Yes, indeed. But then we are *almost* back to simply extending TestCase.
What tests not related to frameworks (and thus JDBC) need some kind of
common functionality? Including JDBC in the name seems like a solution.
Do we agree that non-JDBC tests should extend TestCase directly?
I think it would be good to have a BaseTestCase which has access to the
following:
* a TestConfiguration object
* and possibly some debug methods to log stack trace, print stuff.
BaseJDBCTestCase could extend this with some getConnection() methods.
I am not sure how this work integrates with/coincides with the work
Andreas did to create a junit test type which allows you to run 'raw'
JUnit tests under the harness. Can you explain?
I think this work integrates well with the work to run tests a .junit.
You can confirm that by trying to run the sample testcase as .junit.
Andreas' work for running a "raw" JUnit test under the harness is not
affected. This is all about getting a connection and some other basic
functionality. It was written because the existing DerbyJUnitTest need
additional methods calls before getConnection() returns a valid
connection, and because TestUtil does not have a getConnection() (but
several other getConnection(arguments) methods). We have several choices:
* Use TestUtil, maybe do some additional work on it.
* Adapt/change DerbyJUnitTest (dependencies restrict what we can change
of existing API/behavior)
* Write a new common class from scratch
So far most of the comments I have received have been regarding
implementation, which was not my primary goal. Do we all agree what we
need, but we want to do it in different ways? Or are there still someone
out there that have more fundamental issues to comment on?
I want:
BaseTestCase: a useful base TestCase which provides a TestConfiguration
object, and some logging method
BaseJDBCTestCase: extends BaseTestCase, and additionally provides
getConnection() methods.
How the getConnection() methods are implemented, is not the important
issue to me. They may be implemented by calling TestUtil or implemented
in the BaseJDBCTestCase itself. I do however think it is important to
avoid forcing testcases to call methods to clean up potential
side-effects from previous testcases.
Also, to run a TestCase as a test of type .junit, the testcase suite
must be able to run stand-alone in a standard JUnit TestRunner .
<..>
- There are a lot of defaults being setup in a hardcoded fashion in
resetState().
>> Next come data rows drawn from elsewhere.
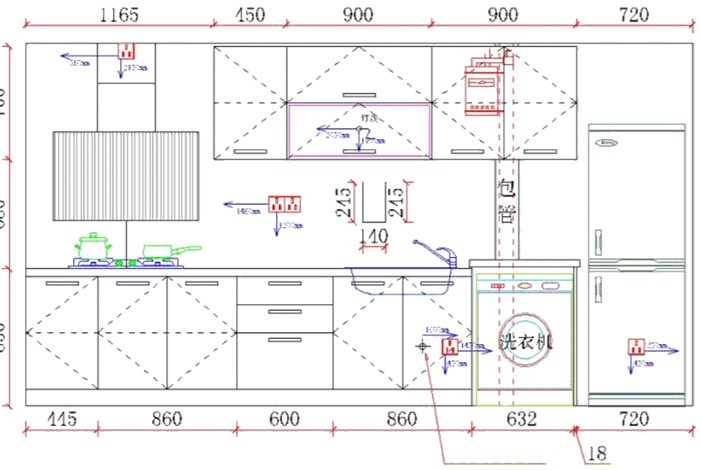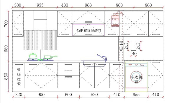 這樣就形成了這個方案:進(jìn)門對面開始,先灶臺—操作臺—水盆—洗衣機(jī)—冰箱—窗戶。這個方案無視了燃?xì)夤艿,操作臺的寬度也算夠了。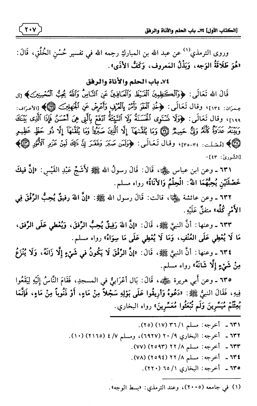 631 - وعن ابن عباس رضي الله عنهما، قَالَ: قَالَ رسولُ الله - صلى الله عليه وسلم - لأَشَجِّ عَبْدِ القَيْسِ: «إنَّ فيكَ خَصْلَتَيْنِ يُحِبُّهُمَا اللهُ: الْحِلْمُ وَالأنَاةُ». رواه مسلم. (¬1)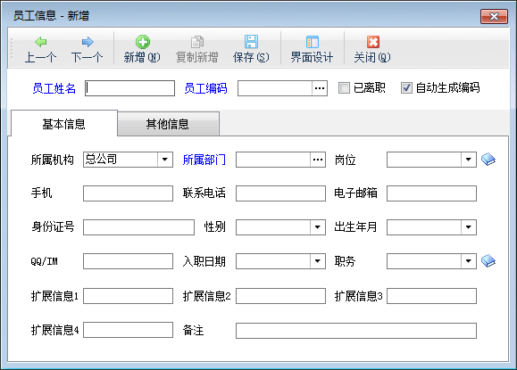 员工编码:必填数据项,如果不填写,则软件会自动根据姓名的拼音头作为编码。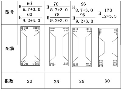 1.1 所用預(yù)應(yīng)主筋應(yīng)符合GB/T5223《預(yù)應(yīng)力砼用鋼絲》。 1.2 在編組及張拉時應(yīng)保證預(yù)應(yīng)力鋼絲受力均勻。 1.3 主筋下料長度誤差不大于2.0mm,鐓頭直徑應(yīng)在Ф7.0~Ф7.5之間,鐓頭高度為4.0~4.5mm。 1.4 各種型號支柱下料長度、根數(shù)、張拉值。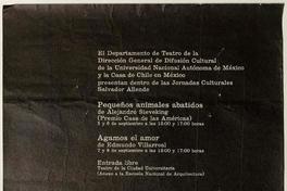El Departamento de Teatro de la Dirección General de Difusión Cultural de la Universidad Nacional Autónoma de México y la Casa de Chile en México presentan dentro de las Jornadas Culturales Salvador Allende.
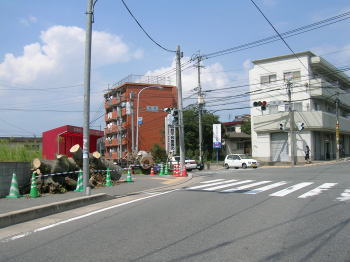 台風で倒れて道路をふさいでた木は切り刻まれてこんな姿に・・・。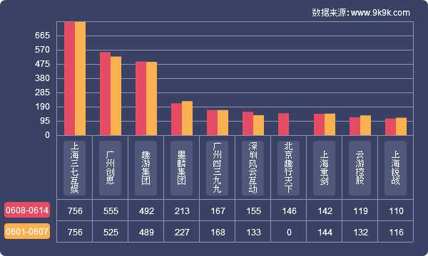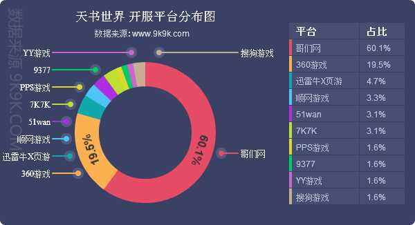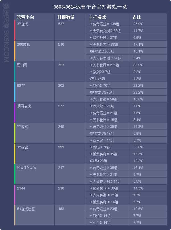哥们网本周继续加强《天书世界》的推广力度,开服总量较上周增加了7%;另外哥们网本周新引进了《莽荒纪》、《西游伏魔》两款游戏,发展潜力较大。 9377本周开服总数保持稳定,其主打游戏《雷霆之怒》的开服频率稳定在10服/天,开服占比较上周增加4.2%,目前与《烈焰》保持一致。

It would be better to have a section of static finals
at the top with all the default values so that someone looking at this
code can tell right away what they are. Actually, looking at Andreas'
TestConfiguration, that is a nice way of doing it . Having it as a
separate class also seems to be useful and more coherent.
One note here, is that it would not be possible to change the framework
with the current TestConfiguration. This would cause trouble for
exceptional cases (as the current JDBC4 testsuite) and if we want to run
useprocess=false and switch framework. Is this switching of framework
something we don't need?
I do not see that we need switching framework in general. And .junit
tests cannot be run with useprocess=false.
I think if you additionally supplied a getConnection(..) method which
takes JDBCClient parameter, you could easily write special purpose
testcases which do not use the default framework for getting the
connectiom, if that is what you need.
Also, it seems the harness uses all of "hostName", "derbyTesting.serverhost" and
"derbyTesting.clienthost". Can anyone shed some light on this?
I assume that derbyTesting.serverhost is the hostname for the derby
server, derbyTesting.clienthost is the hostname for the client.